Una vez ocurrido el desastre, ahí sí se activan todos los mecanismos previsibles y así van, unos detrás de otros, Defensa Civil, los bomberos, los municipios, las ONG, a hacer lo suyo, generalmente con profesionalismo.
Allí, al menos, se pone en juego una red de solidaridad; “víctimas” y espectadores fortuitos de la catástrofe se unen para poner lo mejor de nosotros. Lamentablemente, siempre es en el después, cuando las casas ya están inundadas, las acequias y cauces desbordados, la producción destruida.
No hay que ser científico, master en Ecología o miembro de Greenpeace para saber que si se arrojan botellas de plástico o cualquier otro elemento a los cauces, en algún momento estos van a colapsar.
Ni hablar si las típicas lluvias de febrero vienen más generosas que de costumbre (“por su dimensión, la tormenta del 23 tuvo características excepcionales”, reconoció el director de Contingencias Climáticas). Como también es de esperar que un modesto techo de cañas y nylon construido a la ligera no sea garantía de soportar el menor embate de una lluvia furiosa o un violento Zonda.
Los daños totales registrados en los cultivos de Lavalle y del 60 por ciento en los de San Rafael activaron la casi inmediata declaración de emergencia por parte del Gobierno, acción que tuvo como correlato el aporte -en materiales y alimentos- de las distintas comunas, aún en aquellos puntos donde el fenómeno meteorológico no fue tan contundente como en el Norte y el Sur de la provincia.
Pero la sensación que queda es que, si bien es imposible ponerle freno a la naturaleza cuando se sale de madre, al menos se podría -se puede- atemperar los efectos negativos.
¿Cómo?
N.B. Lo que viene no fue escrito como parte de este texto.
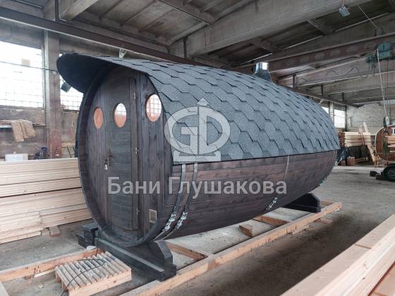Изготовление такой бани — довольно сложный и трудоемкий процесс, поэтому цена на нее несколько выше, чем на классическую круглую модель. Однако, гарантируем — оно того стоит.
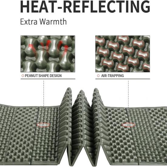 Щоб задовольнити потреби більшої кількості користувачів, ми випустили оновлену версію пінопластового килимка для сну. Цей легкий армійський пінопластовий килимок для сну, доступний онлайн, покритий алюмінієвою плівкою – легким покриттям, яке дуже ефективно відбиває тепло, покращуючи тепло, не додаючи зайвої ваги чи об’єму. Зручний пінопластовий килимок для сну, доступний онлайн, також є вологостійким, міцним та легким у догляді, що робить ваш досвід ще кращим.
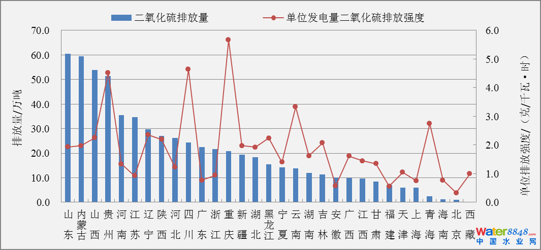 圖3-4 各地區(qū)電力、熱力生產(chǎn)和供應(yīng)業(yè)二氧化硫排放情況
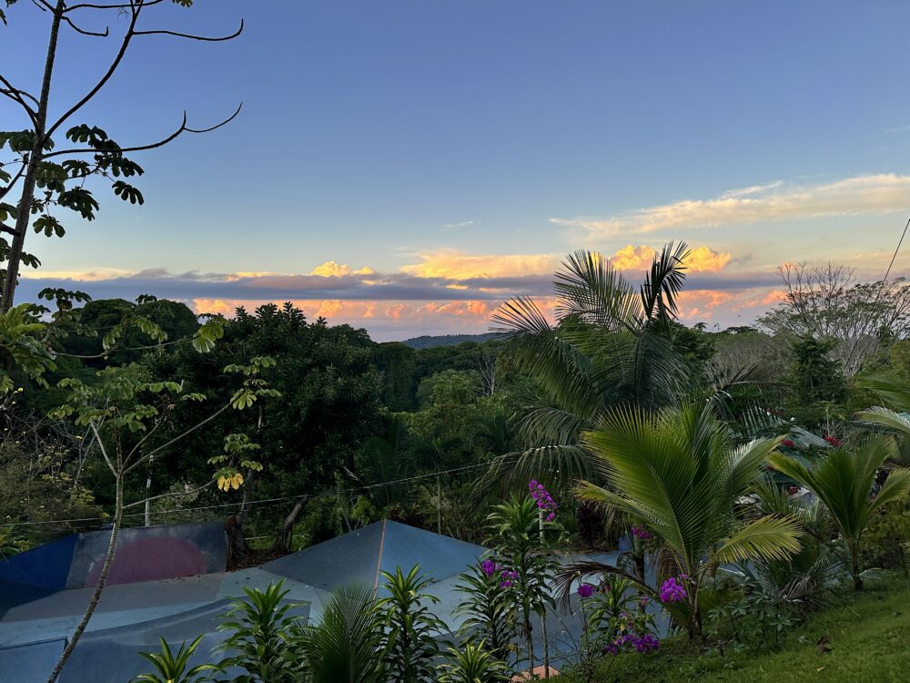 Sunrise over the Pacific Ocean with clouds that took on the resemblance of a skatepark in the foreground, spotted near Platanillo, Costa Rica

Otra vez, no hay que ser clarividente: impulsando una política de viviendas que vaya reemplazando las casas precarias, trocando villas por barrios sólidos y dignos; realizando fuertes campañas de concientización para evitar que se arrojen plásticos a los cauces e imponiendo fuertes multas a los infractores; otorgando créditos blandos para la adquisición de malla antigranizo; haciendo desde las comunas un control del arbolado público para detectar los ejemplares dañados y factibles de caer ante el primer viento; llevando por tierra buena parte del cableado eléctrico.
Estas verdades de Perogrullo, no obstante, por lo general no están en la agenda de las comunas. Los comités de emergencia que se crean ad hoc no estaría nada mal que mutaran en comités de prevención para que alguna vez vayamos un paso delante de ese día negro que de tanto en tanto toda sociedad padece.
La tragedia de Cromañón, en la que murieron 194 jóvenes, suele ser un caso testigo para ejemplificar que no hay forma de evitar una tragedia cuando todo se hizo mal. Desde entonces, la mayoría de los argentinos queremos creer que aprendimos esa lección. Si no, seguiremos cosechando nuestra (peligrosa) siembra.